Exercise aim: Send back the records exactly as written, with no images.

::::::

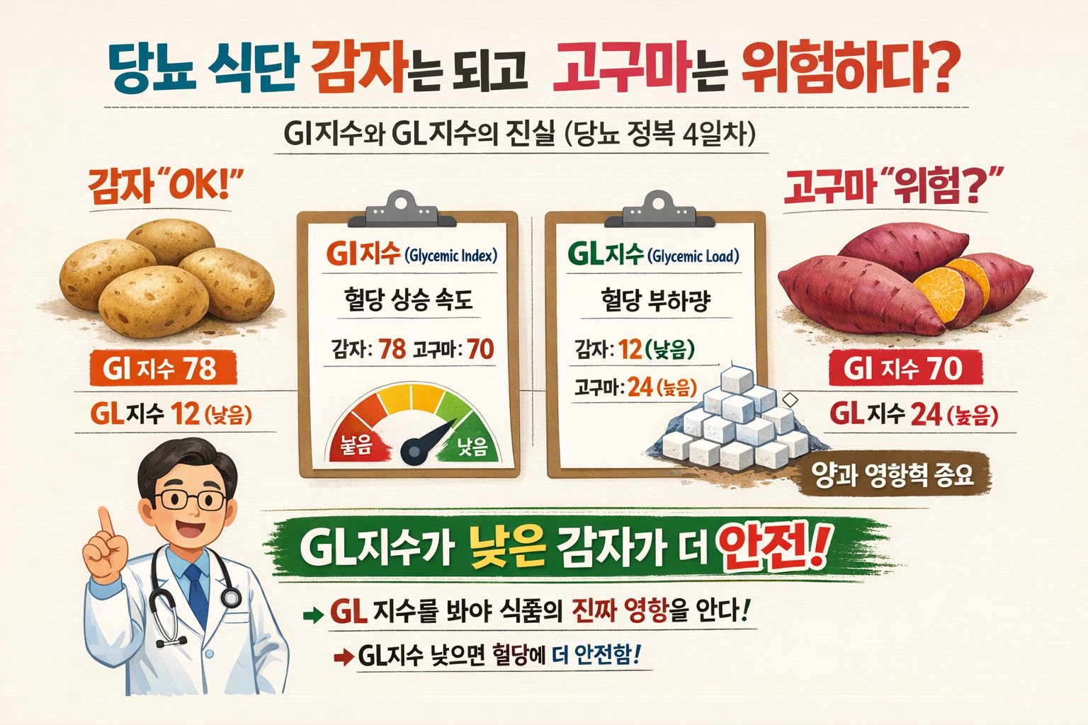 오늘은 우리가 놓치고 있던 반쪽짜리 진실, **GL 지수(혈당 부하 지수)**까지 완벽하게 파헤쳐 보겠습니다.
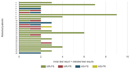 A total of 26 patients were re-tested. These samples were not included in our prevalence assessment, but they provide important insights into epidemiological trends regarding resistance detection by molecular methods. More specifically, 13 patients were re-tested once, 8 patients twice, 3 of them three times, and finally, 1 patient each underwent re-testing five, six, and eight times, respectively.
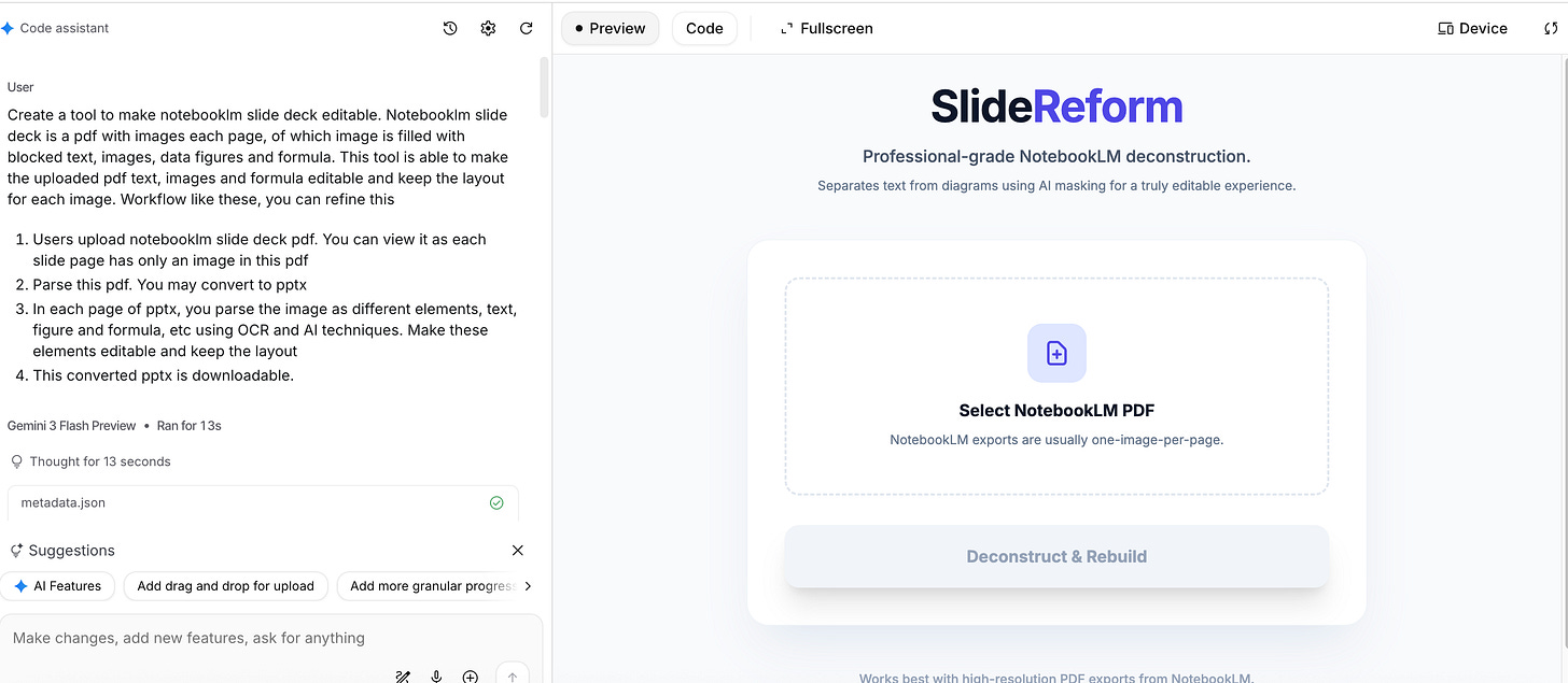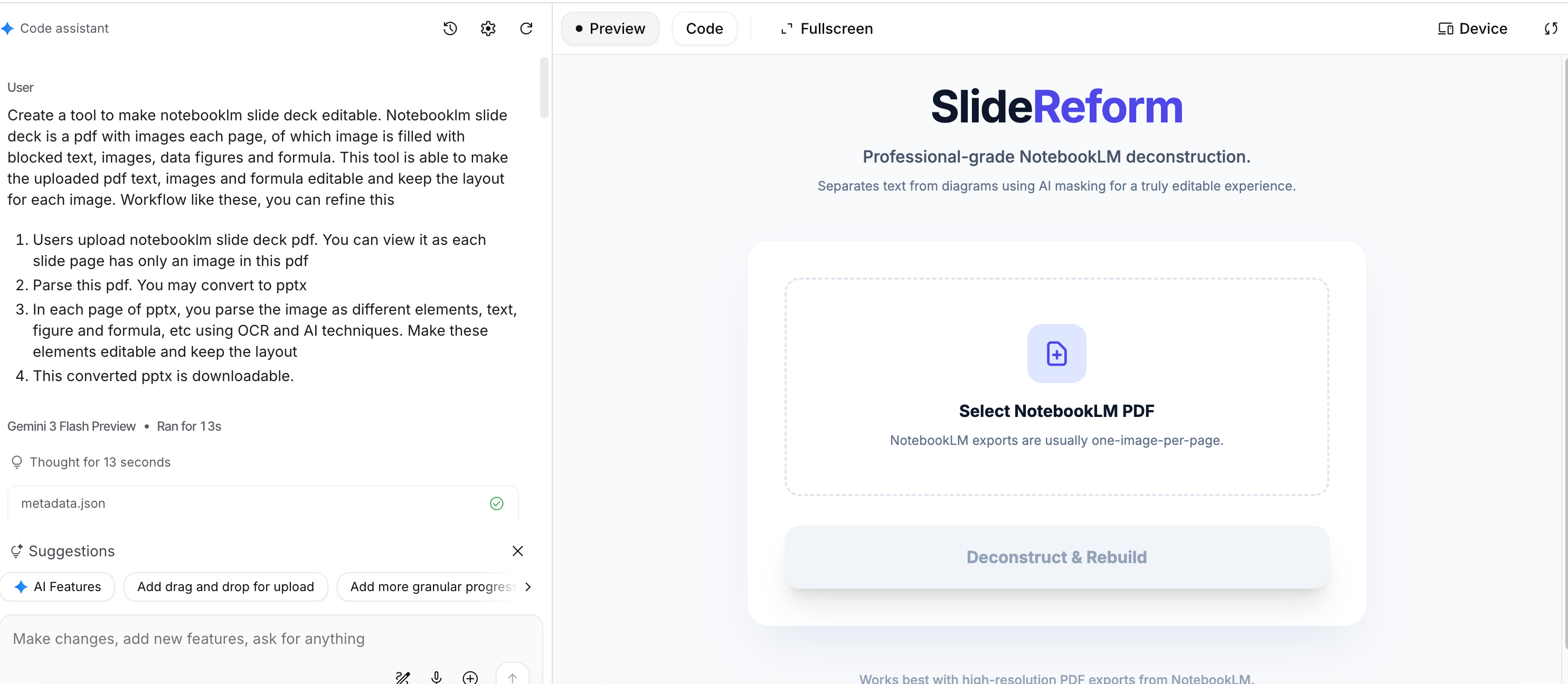 I used Google AI Studio with Vibe Coding to build something I called SlideReform. The workflow breaks down like this:
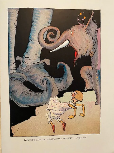 One of the Cocoa Beach attractions in Wizard of Oz museum is display color illustrations from Kabumpo in Oz first edition books from 1922. Short summary of Kabumpo in Oz story:
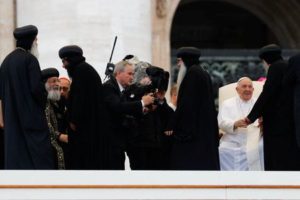 Pope Francis and Pope Tawadros II, the 118th Pope of the Coptic Orthodox Church of Alexandria and Patriarch of the See of St. Mark Cathedral, greet people at the end of the weekly general audience in St. Peter’s Square at the Vatican, May 10, 2023. REUTERS/Remo Casilli

::::::

Task answer:
 오늘은 우리가 놓치고 있던 반쪽짜리 진실, **GL 지수(혈당 부하 지수)**까지 완벽하게 파헤쳐 보겠습니다.
 A total of 26 patients were re-tested. These samples were not included in our prevalence assessment, but they provide important insights into epidemiological trends regarding resistance detection by molecular methods. More specifically, 13 patients were re-tested once, 8 patients twice, 3 of them three times, and finally, 1 patient each underwent re-testing five, six, and eight times, respectively.
 I used Google AI Studio with Vibe Coding to build something I called SlideReform. The workflow breaks down like this:
 One of the Cocoa Beach attractions in Wizard of Oz museum is display color illustrations from Kabumpo in Oz first edition books from 1922. Short summary of Kabumpo in Oz story:
 Pope Francis and Pope Tawadros II, the 118th Pope of the Coptic Orthodox Church of Alexandria and Patriarch of the See of St. Mark Cathedral, greet people at the end of the weekly general audience in St. Peter’s Square at the Vatican, May 10, 2023. REUTERS/Remo Casilli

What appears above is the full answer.